There are three types of jaundice: Normal, or physiologic jaundice, affecting the majority of newborns; pathologic jaundice, caused by medical conditions such as blood type incompatibilities (the most common cause), as well as prematurity, infection, liver damage from rubella, syphllis, or toxoplasmosis, and metabolic problems such as hypothyroidism; and late-onset, or breastmilk jaundice (probably caused by a factor in some mother's milk that seems to delay or prolong the excretion of excess bilirubin).
It is important to understand the different types of jaundice, because each has different causes, consequences, and treatments.
Physiologic jaundice affects nearly all newborns to some degree. It is more prevalent in certain ethnic groups, such as Chinese, Japanese, Korean, Hispanic, and Native Americans. If you define jaundice as bilirubin levels of greater than 10mg/dl, one study found that Japanese newborns were more than three times as likely to be jaundiced as white newborns. Babies who are premature or are low birth weight are more likely to become jaundiced. Babies who don't feed often enough during the early days, and who don't stool often, are also more likely to become jaundiced. This underscores the importance of early, frequent feedings. Colostrum (the sticky yellow fluid produced before the milk comes in) acts as a laxative. Bilirubin accumulates in the baby's stools, and if it isn't excreted, it re-circulates in his system. Frequent stooling helps lower bilirubin levels.
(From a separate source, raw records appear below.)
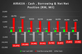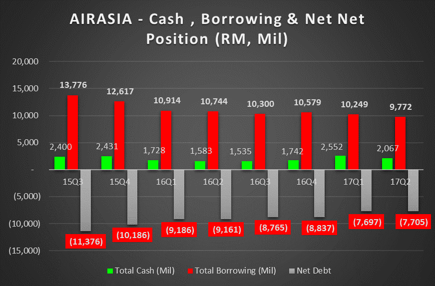 AIRASIA的债务持续在减少,不过Q2派发了12分的股息,因此现金减少RM401 mil,Net Gearing 现在是1.35。而且公司刚刚公布派发12分的股息,Q4的现金会再度减少RM401 mil左右。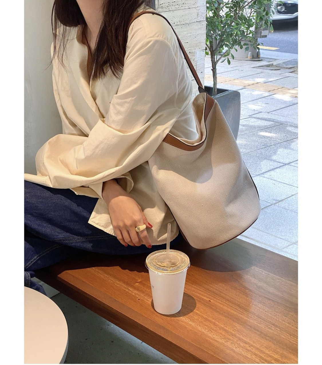 리얼레더 캔버스 토트숄더백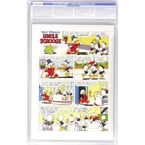 <B>Uncle Scrooge #5 (Dell, 1954) CGC NM 9.4 Off-white to white pages.</B></I> The first appearance of Scrooge's Worry Room also sees the first appearance of the Junior Woodchucks' Book of Knowledge, later known as the Junior Woodchucks' Guidebook that Huey, Dewey, and Louie were always quick to consult. The plot of the tale "The Sunken City" is memorable too, with Scrooge buying up every 1916 quarter ever minted! This is the only copy graded above VF/NM 9.0 by CGC to date. Overstreet 2006 NM- 9.2 value = $485. CGC census 6/06: 1 in 9.4, none higher. <BR><BR><B>Important notice:</B> Heritage usually auctions material at the rate of 200-250 lots per hour. On some occasions eBay Live bid software or the Internet may not be able to keep up with the pace of the auction. We recommend placing a realistic absentee bid now as insurance to avoid disappointment. Occasionally the auctioneer may eliminate or reject an eBay Live bid, and the auctioneer may also reopen a lot after the close of the eBay live bidding (usually because we missed an audience bid), and may reject your bid even if it shows you as the winning bidder. By bidding via eBay Live, you agree that Heritage may award the lot to another bidder at its sole discretion under the circumstances described above or any other reasonable circumstances. Since eBay bids are not shown to us until we open the lot on the floor, we treat those bids just like floor bids. In most cases the floor responds before the eBay bid is presented to us, due to Internet lag time, so for consistency we have made it a policy that floor bids are always considered first over tie eBay live bids. Also please note that all Heritage lots purchased through eBay Live carry a 22.5% Buyer's Premium. Please make sure you read the Terms and Conditions before you bid. This lot is being auctioned in conjunction with a live floor auction by Heritage Auction Galleries. All final auction and invoice information will be supplied by Heritage Auction Galleries, and all other information should be considered preliminary. Lot:41001 <BR><BR><B>Winning Notification and Billing:</B> After the FINAL session in this auction is complete, Heritage will send e-mail and snail mail invoices. This process normally takes several days. All final auction and invoice information will be supplied by Heritage Auction Galleries, and all other information should be considered preliminary. <BR><BR>This auction will be conducted on a live auction floor and over the Internet through eBay Live. If you choose to place an absentee bid, please take a moment to <font color='#0000ff'><u><a href='http://pages.ebay.com/liveauctions/help/before/laabsentee.html'>learn how eBay Live absentee bidding works</a></u></font><font color='#000000'>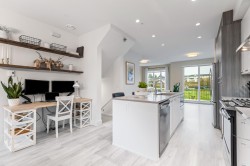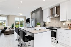Welcome to Creekside where nature, comfort, and convenience meet in a warm, family-friendly community. This beautiful 3-storey townhouse offers 3 bedrooms and 3 bathrooms, an ideal fit for a growing household close to schools, shopping, and everyday essentials. The open-concept main level filled with thoughtful finishes large centre island, gas range and BBQ hookup. Feature walls add character to the living room and bedrooms, plus barn door leads to the spacious primary suite with generous walk-in closet. Ensuite has double vanities & a walk-in shower. A double tandem garage provides yard access, extra storage, and a versatile bonus area perfect for a home gym or office. 2 pets allowed (dogs or cats) NO size or breed restriction. Close to Kanaka Creek Park. OPEN HOUSE SUNDAY FEB 1st 1-3 PM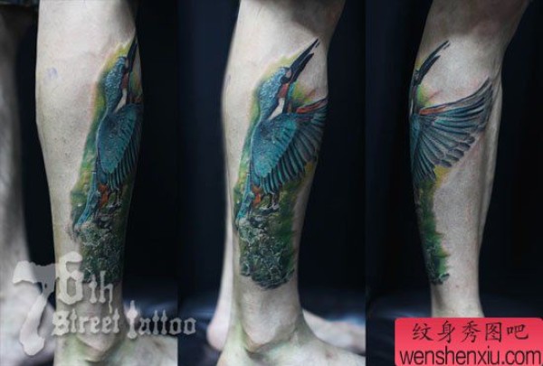 腿部时尚时尚的彩色小鸟纹身图案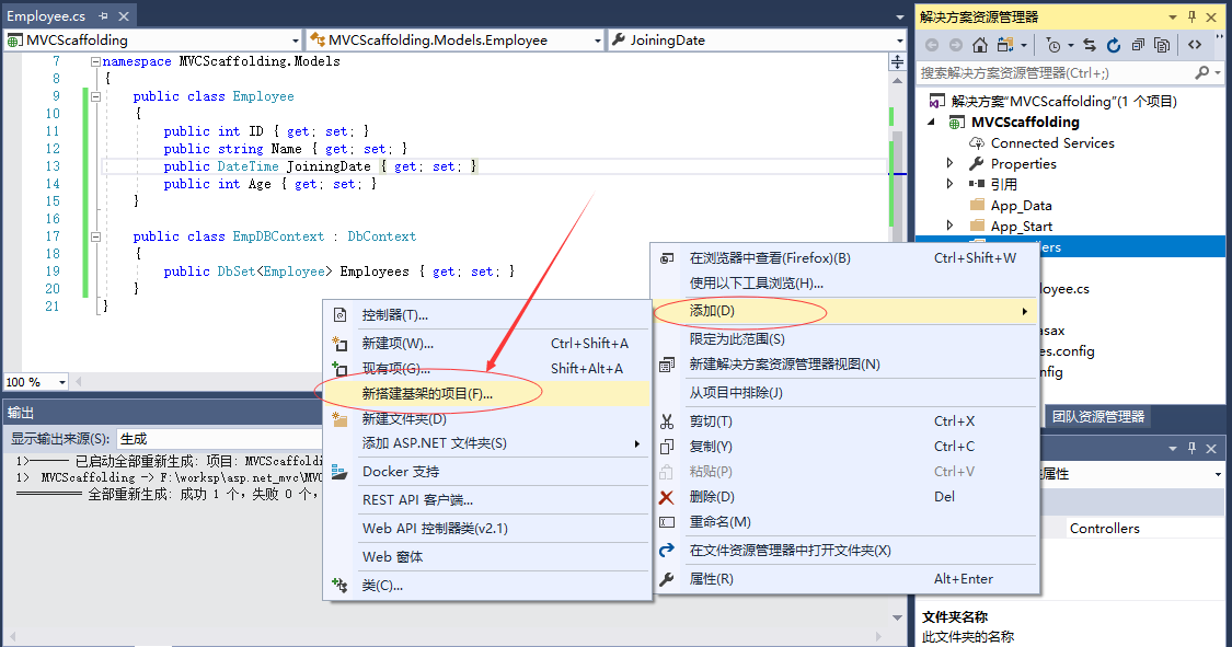 要添加脚手架,请右键单击解决方案管理器中的controllers文件夹,然后选择:添加 -> 新建搭建基架项目 ,如下图所示 -

  In the baby with physiologic jaundice, bilirubin levels will usually peak between the third and fifth days of life and are usually less than 12mg/dl. Occasionally they will go higher than 15mg/dl. Most doctors will monitor levels closely during this time, checking the baby's levels with a blood test, pricking his heel, toe, or finger. If the levels are rapidly rising, or are 20mg/dl or higher (lower levels are used with premature infants), phototherapy is often suggested. This is a treatment which involves exposing skin to blue range light which breaks down the bilirubin and makes it more easily excreted. Years ago, nurses found that babies who were in beds near sunny windows had lower bilirubin levels. Researchers then found that phototherapy can make bilirubin levels drop quickly. Untill the past few years, babies with high bilirubin levels had to be in the hospital for phototherapy treatments - now, with new technology, babies can receive phototherapy at home using bili-blankets, provided by home health care providers. In most cases, bilirubin levels drop rapidly after phototherapy is initiated, and once the levels begin to go down, they almost always continue to decline. Usually only a day or two or therapy is needed.
 
Most cases of physiologic jaundice will resolve without the use of phototherapy.
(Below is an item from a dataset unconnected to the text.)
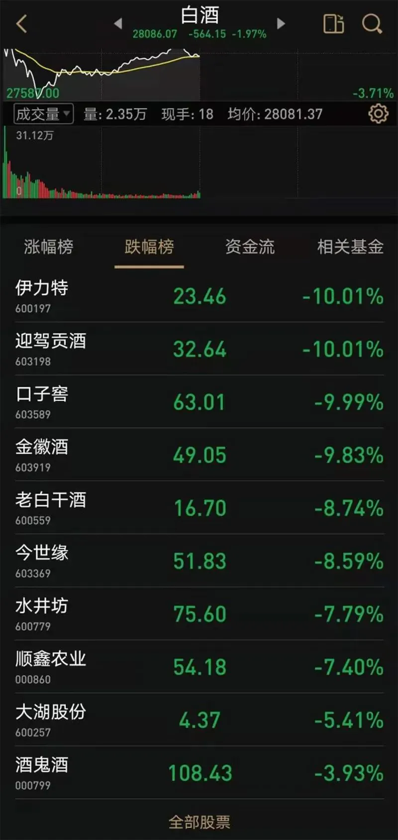 11月13日早盘,近期表现强势的白酒板块降温,多只概念股被砸,仅2只个股上涨。截至发稿,伊力特跌停,金徽酒、迎驾贡酒、口子窖等多股均不同程度下挫。

Here are some suggestions for preventing and/or treating normal, physiologic jaundice:
  1. Feed your baby early and often. Remember that colostrum acts as a laxative, and frequent stooling lowers bilirubin levels. Keep track of urine and stool output (see article on "How to tell if your baby is getting enough milk").
  2. Avoid water supplements. Only 2%of the bilirubin is excreted in the urine, and 98% in the stools. Colostrum and milk contain fat, which stimulates bowel movements, and water can fill your baby up so that he is less interested in nursing.
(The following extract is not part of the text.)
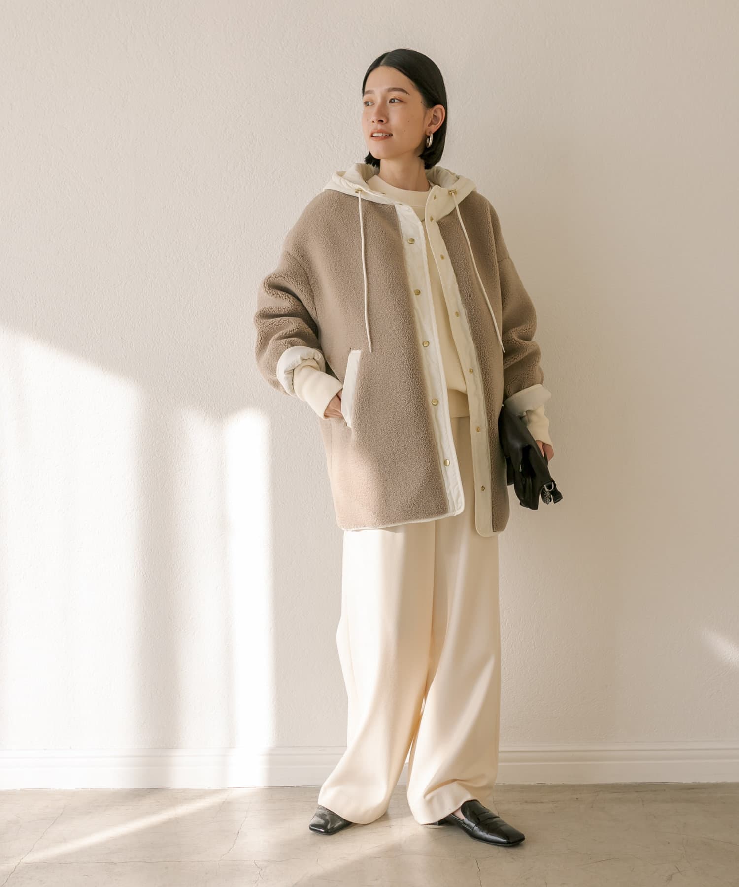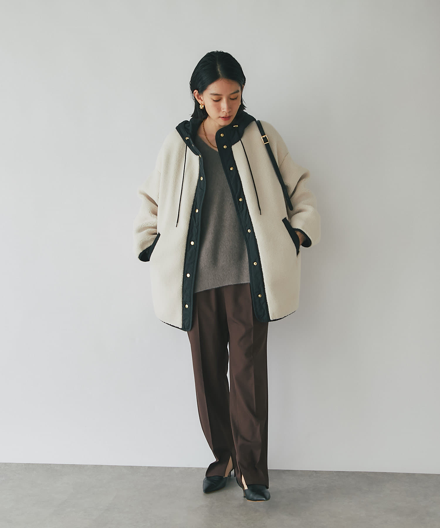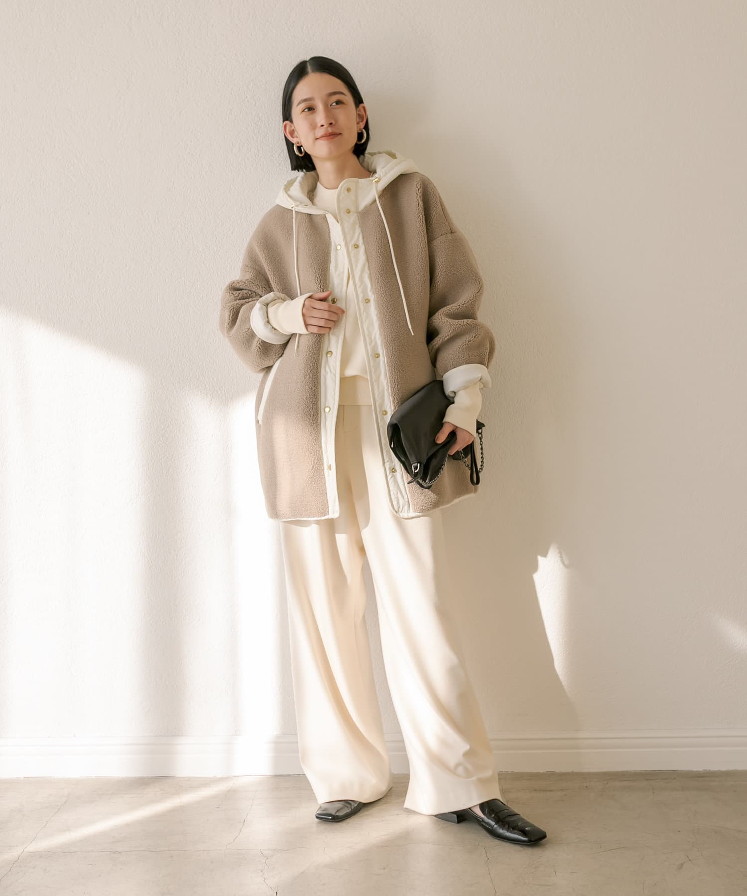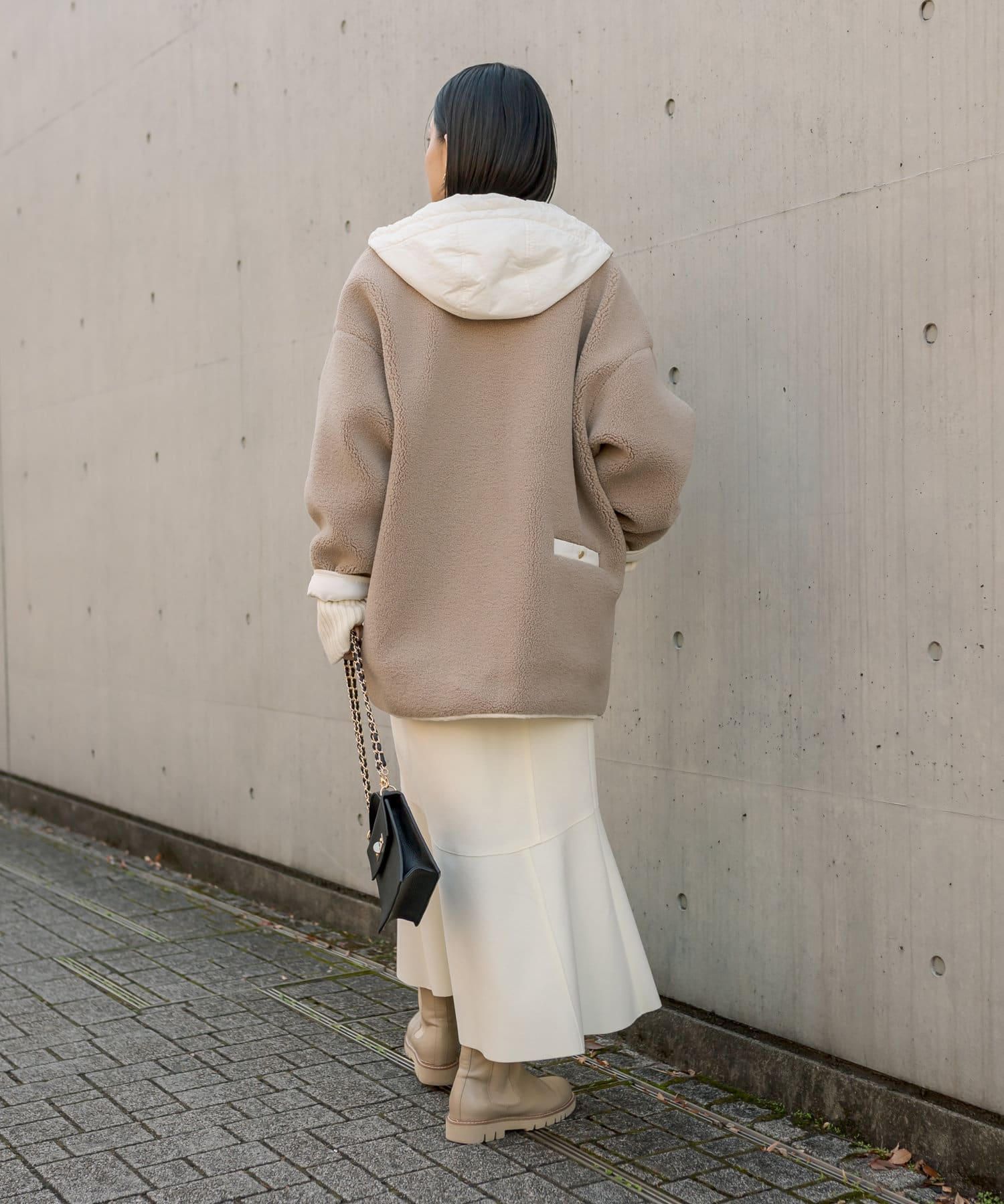 丸みのあるコクーンシルエットが女性らしく、お尻が隠れる着丈のため体系カバー効果も抜群。

  3. Encourage your baby to stay awake and to feed at least every two hours. One of the things jaundice does is make your baby sleepy, especially is he is " under the lights" . (See article on "Waking sleepy babies").
  4. Supplement with your expressed milk.  If your baby is sleepy at the breast, and is having fewer than three large bowel movements in 24 hours, consider expressing your milk after feedings and giving it to him (preferably not with a bottle at this stage - he may become confused by rubber nipples if he is only a few days old). Use a dropper, syringe, cup, or tube-feeding device if possible. If your only option is hand expression or manual pumping, you may want to consider renting an electric pump for a few days until the bilirubin levels go down. Babies are often sleepy and lazy nursers as long as their levels are elevated, and the pump can provide extra stimulation to ensure an adequate supply.
  5. Expose him to indirect sunlight. Undress him down to his diaper and put him in a room that gets a lot of light. His skin is very sensitive, so never put him in direct sunlight.
  6. Avoid medications such as aspirin and sulfa drugs. Make sure your doctor knows which drugs you are taking, so that you can discontinue or find substitutes for drugs which might cause problems.
Pathologic, or abnormal jaundice is caused by medical conditions, and usually shows up at birth or within the first 24 hours after birth. The levels often rise quickly (0.5 mg/dl or more per hour). The baby may need immediate treatment, but breastfeeding can and should be initiated and continued. The colostrum and milk he receives will help him move his bowels, speeding up the elimination of bilirubin from his system A sick baby needs the benefits of breastmilk even more than a healthy baby. In some extreme cases babies may be given exchange blood transfusions. This is the fastest way to bring down the bilirubin level, but is seldom needed these days since phototherapy is usually effective. If you are separated from your baby during his treatment, ask for information about where to obtain a hospital-grade breast pump to use while in the hospital and after you go home. A sick baby with elevated bilirubin levels will often be too sleepy and weak to nurse effectively for a while, and you may need the extra stimulation from the pump to ensure an adequate supply of breastmilk for him.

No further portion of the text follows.